— TASK INPUTS —
□ □ □ □ □
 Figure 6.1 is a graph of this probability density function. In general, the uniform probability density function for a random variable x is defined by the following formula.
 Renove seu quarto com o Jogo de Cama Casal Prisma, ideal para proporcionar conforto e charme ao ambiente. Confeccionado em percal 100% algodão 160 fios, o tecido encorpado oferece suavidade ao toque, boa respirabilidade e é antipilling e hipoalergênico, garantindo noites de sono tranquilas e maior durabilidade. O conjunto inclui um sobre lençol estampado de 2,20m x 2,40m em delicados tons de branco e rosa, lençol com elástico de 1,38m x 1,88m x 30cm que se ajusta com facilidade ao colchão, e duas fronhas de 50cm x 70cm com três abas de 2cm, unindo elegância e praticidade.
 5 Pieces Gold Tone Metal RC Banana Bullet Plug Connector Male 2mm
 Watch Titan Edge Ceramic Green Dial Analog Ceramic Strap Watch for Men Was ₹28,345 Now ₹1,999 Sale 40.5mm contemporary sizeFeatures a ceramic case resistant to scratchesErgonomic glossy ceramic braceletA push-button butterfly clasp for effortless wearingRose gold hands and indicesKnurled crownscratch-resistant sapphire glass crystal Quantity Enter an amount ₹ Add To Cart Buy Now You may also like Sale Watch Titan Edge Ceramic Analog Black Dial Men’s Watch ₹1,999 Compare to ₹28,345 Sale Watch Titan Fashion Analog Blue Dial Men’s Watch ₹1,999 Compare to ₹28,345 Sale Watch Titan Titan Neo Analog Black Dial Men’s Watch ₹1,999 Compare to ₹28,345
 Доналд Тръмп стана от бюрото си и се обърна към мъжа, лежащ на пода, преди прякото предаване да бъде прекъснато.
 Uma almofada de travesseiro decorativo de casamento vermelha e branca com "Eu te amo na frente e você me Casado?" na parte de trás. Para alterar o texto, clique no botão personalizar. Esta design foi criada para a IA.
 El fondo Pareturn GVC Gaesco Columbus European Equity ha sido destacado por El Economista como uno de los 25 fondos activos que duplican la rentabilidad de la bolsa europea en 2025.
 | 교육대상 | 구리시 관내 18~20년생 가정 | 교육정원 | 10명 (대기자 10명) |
□ □ □ □ □
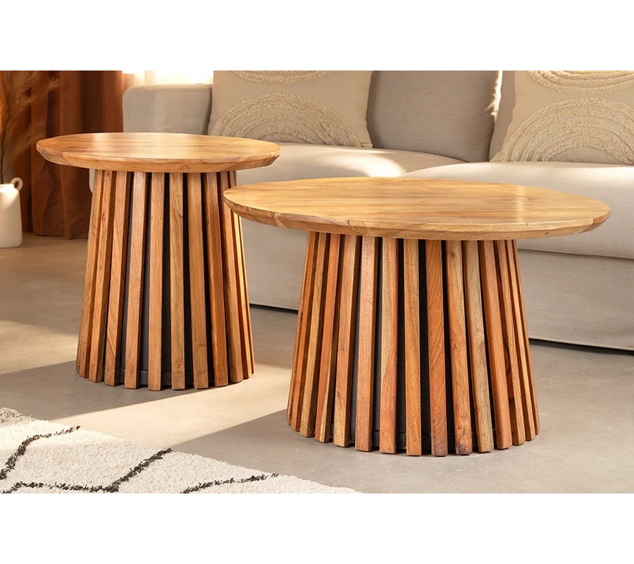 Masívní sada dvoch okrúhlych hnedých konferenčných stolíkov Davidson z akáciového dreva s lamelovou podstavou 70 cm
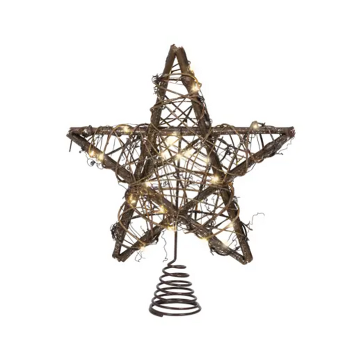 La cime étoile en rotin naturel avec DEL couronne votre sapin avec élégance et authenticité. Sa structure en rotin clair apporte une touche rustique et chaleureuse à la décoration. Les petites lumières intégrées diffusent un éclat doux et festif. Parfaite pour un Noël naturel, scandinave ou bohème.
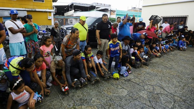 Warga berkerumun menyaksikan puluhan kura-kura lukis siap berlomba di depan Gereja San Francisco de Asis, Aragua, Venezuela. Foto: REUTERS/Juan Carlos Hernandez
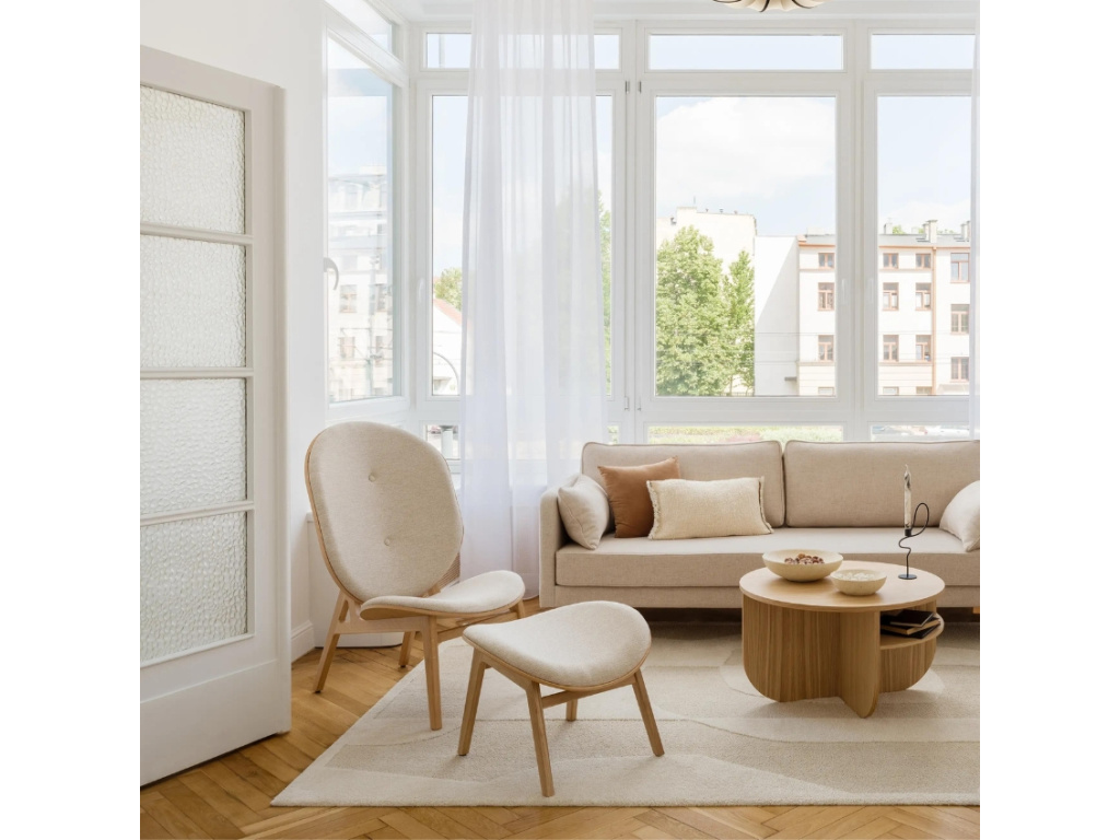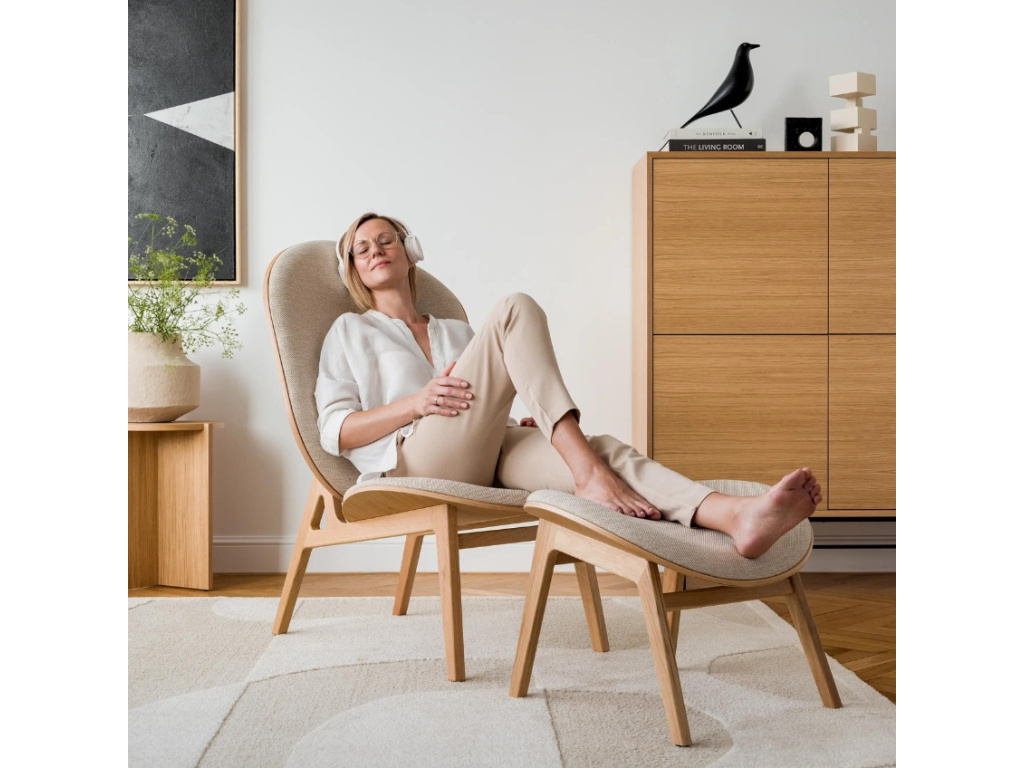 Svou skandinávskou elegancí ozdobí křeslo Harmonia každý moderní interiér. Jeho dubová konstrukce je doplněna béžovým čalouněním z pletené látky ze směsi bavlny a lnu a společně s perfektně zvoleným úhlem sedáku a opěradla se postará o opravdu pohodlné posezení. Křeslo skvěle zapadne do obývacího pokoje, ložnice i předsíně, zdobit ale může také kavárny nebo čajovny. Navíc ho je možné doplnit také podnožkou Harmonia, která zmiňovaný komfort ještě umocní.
□ □ □ □ □
A verbatim transcription is needed of the lines above, starting at the line with "Figure 6.1 is" and ending at the line with "Uma almofada de", both included, and of nothing else.

— EXERCISE ANSWER —
 Figure 6.1 is a graph of this probability density function. In general, the uniform probability density function for a random variable x is defined by the following formula.
 Renove seu quarto com o Jogo de Cama Casal Prisma, ideal para proporcionar conforto e charme ao ambiente. Confeccionado em percal 100% algodão 160 fios, o tecido encorpado oferece suavidade ao toque, boa respirabilidade e é antipilling e hipoalergênico, garantindo noites de sono tranquilas e maior durabilidade. O conjunto inclui um sobre lençol estampado de 2,20m x 2,40m em delicados tons de branco e rosa, lençol com elástico de 1,38m x 1,88m x 30cm que se ajusta com facilidade ao colchão, e duas fronhas de 50cm x 70cm com três abas de 2cm, unindo elegância e praticidade.
 5 Pieces Gold Tone Metal RC Banana Bullet Plug Connector Male 2mm
 Watch Titan Edge Ceramic Green Dial Analog Ceramic Strap Watch for Men Was ₹28,345 Now ₹1,999 Sale 40.5mm contemporary sizeFeatures a ceramic case resistant to scratchesErgonomic glossy ceramic braceletA push-button butterfly clasp for effortless wearingRose gold hands and indicesKnurled crownscratch-resistant sapphire glass crystal Quantity Enter an amount ₹ Add To Cart Buy Now You may also like Sale Watch Titan Edge Ceramic Analog Black Dial Men’s Watch ₹1,999 Compare to ₹28,345 Sale Watch Titan Fashion Analog Blue Dial Men’s Watch ₹1,999 Compare to ₹28,345 Sale Watch Titan Titan Neo Analog Black Dial Men’s Watch ₹1,999 Compare to ₹28,345
 Доналд Тръмп стана от бюрото си и се обърна към мъжа, лежащ на пода, преди прякото предаване да бъде прекъснато.
 Uma almofada de travesseiro decorativo de casamento vermelha e branca com "Eu te amo na frente e você me Casado?" na parte de trás. Para alterar o texto, clique no botão personalizar. Esta design foi criada para a IA.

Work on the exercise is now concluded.